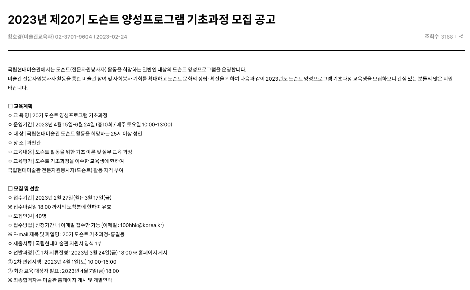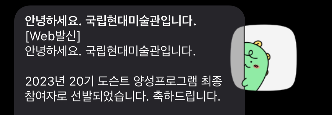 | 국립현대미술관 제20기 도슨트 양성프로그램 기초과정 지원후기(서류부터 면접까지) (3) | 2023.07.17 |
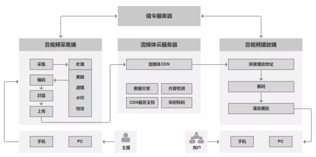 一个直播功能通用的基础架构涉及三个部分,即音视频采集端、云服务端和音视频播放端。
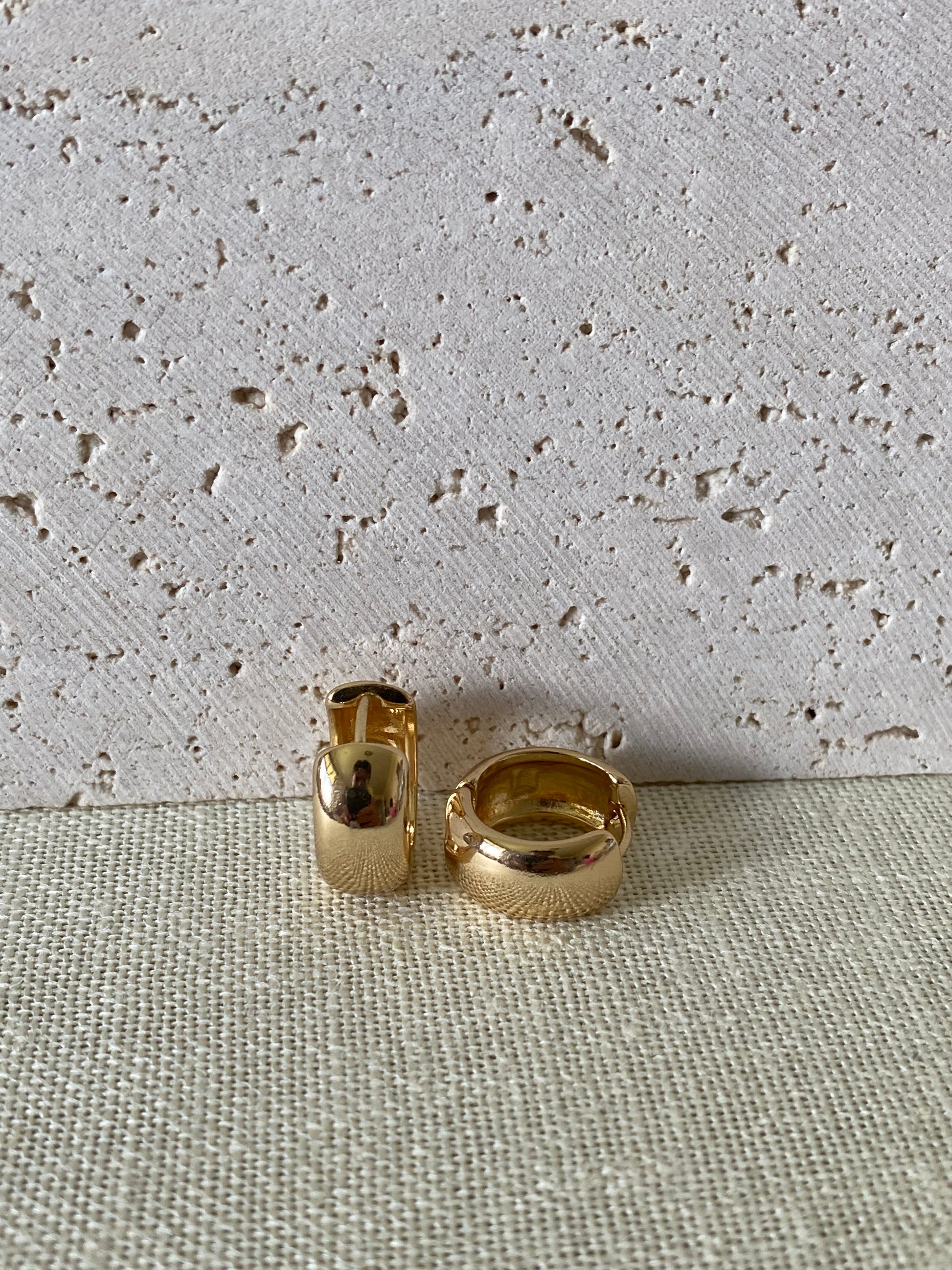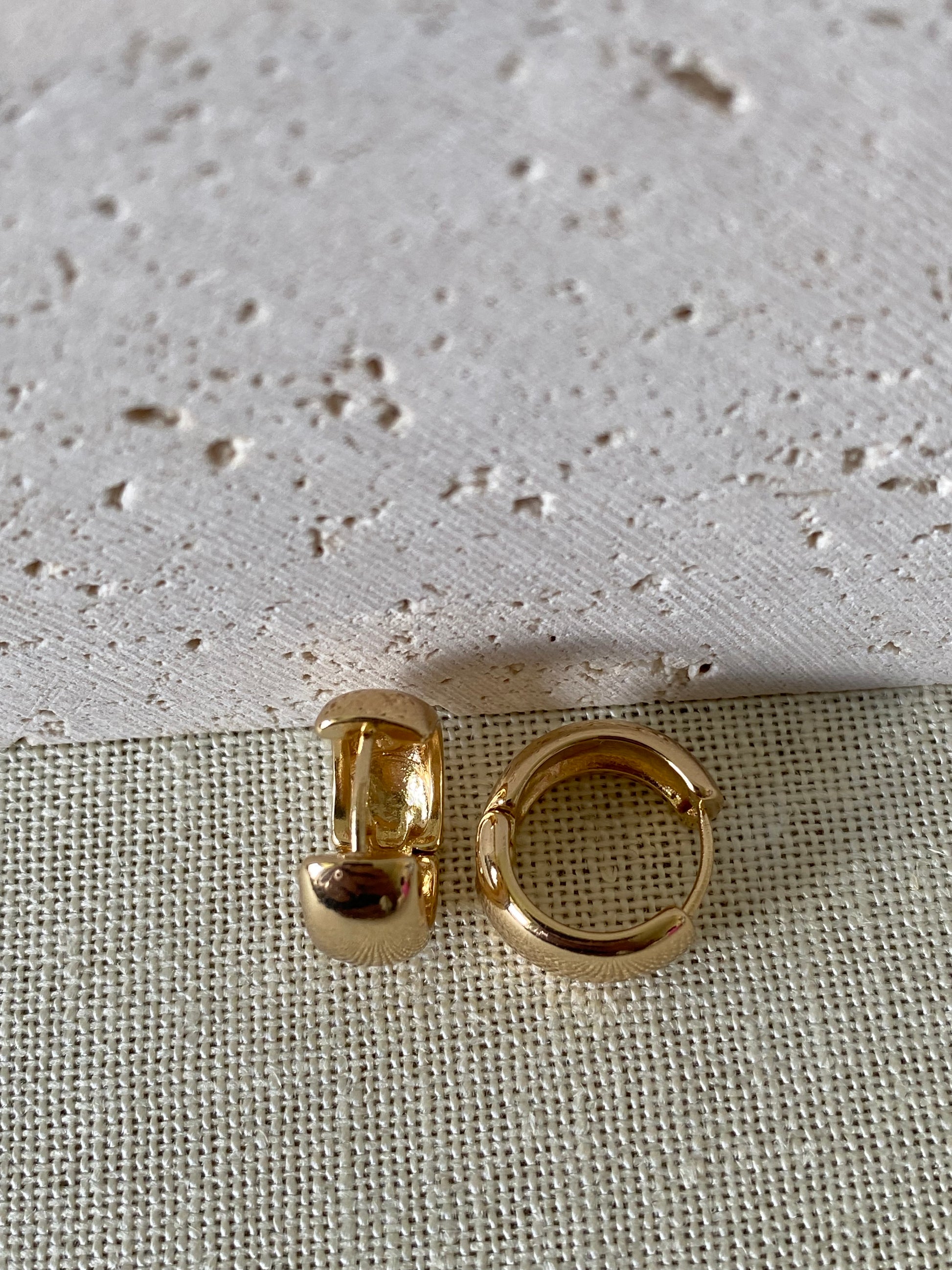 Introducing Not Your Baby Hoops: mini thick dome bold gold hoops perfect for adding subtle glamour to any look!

■ ■ ■ ■ ■ ■ ■

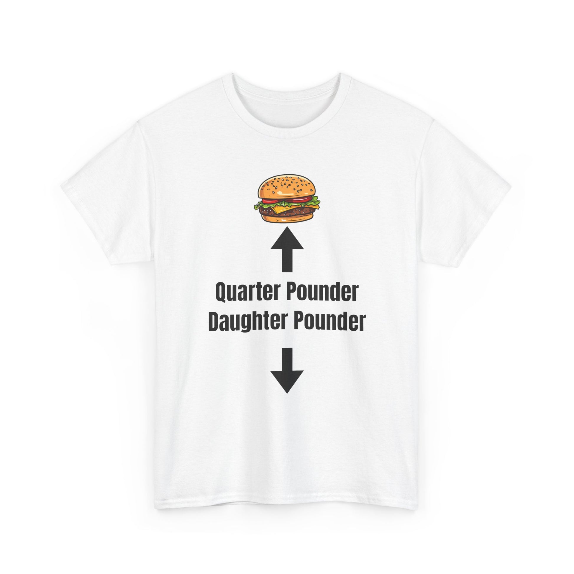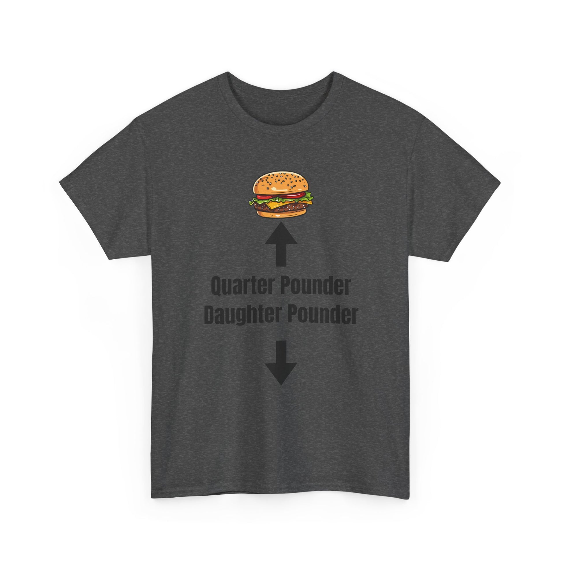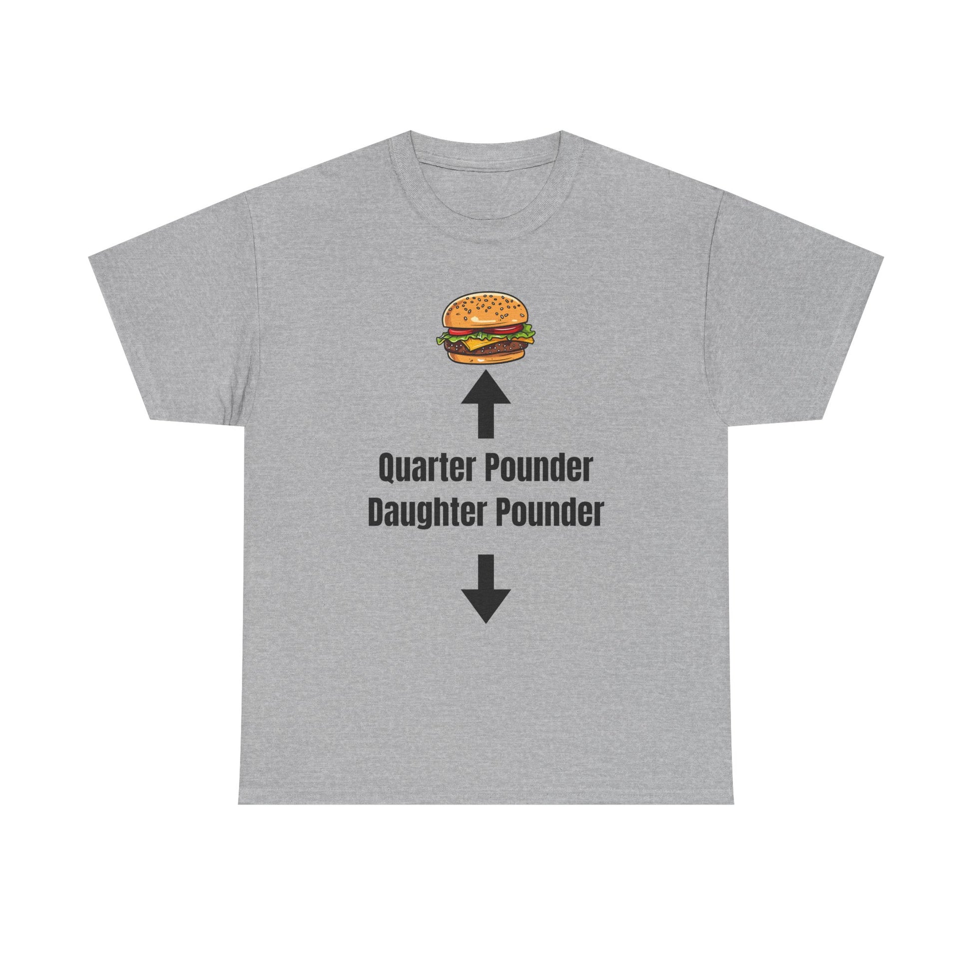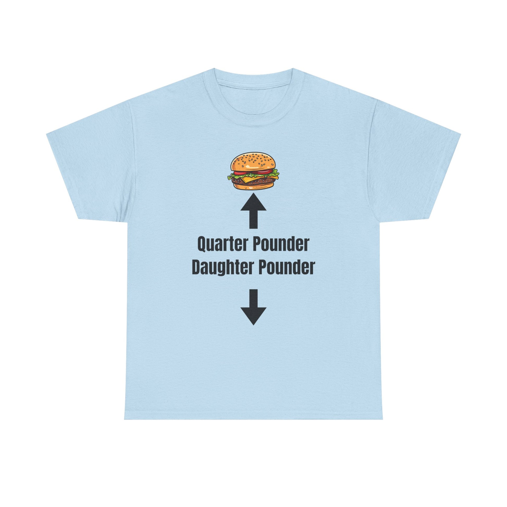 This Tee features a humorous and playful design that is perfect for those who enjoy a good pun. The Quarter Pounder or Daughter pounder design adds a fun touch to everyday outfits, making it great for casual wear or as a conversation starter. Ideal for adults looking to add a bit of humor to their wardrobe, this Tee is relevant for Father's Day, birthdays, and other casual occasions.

■ ■ ■ ■ ■ ■ ■

- [Activity]
Print, exactly and with no pictures, the lines of the listing above starting at the one that has "(3) | 2023.07.17 |" and ending at the one that has "Introducing Not Your", both included.

- [Answer for the task]
 | 국립현대미술관 제20기 도슨트 양성프로그램 기초과정 지원후기(서류부터 면접까지) (3) | 2023.07.17 |
 一个直播功能通用的基础架构涉及三个部分,即音视频采集端、云服务端和音视频播放端。
 Introducing Not Your Baby Hoops: mini thick dome bold gold hoops perfect for adding subtle glamour to any look!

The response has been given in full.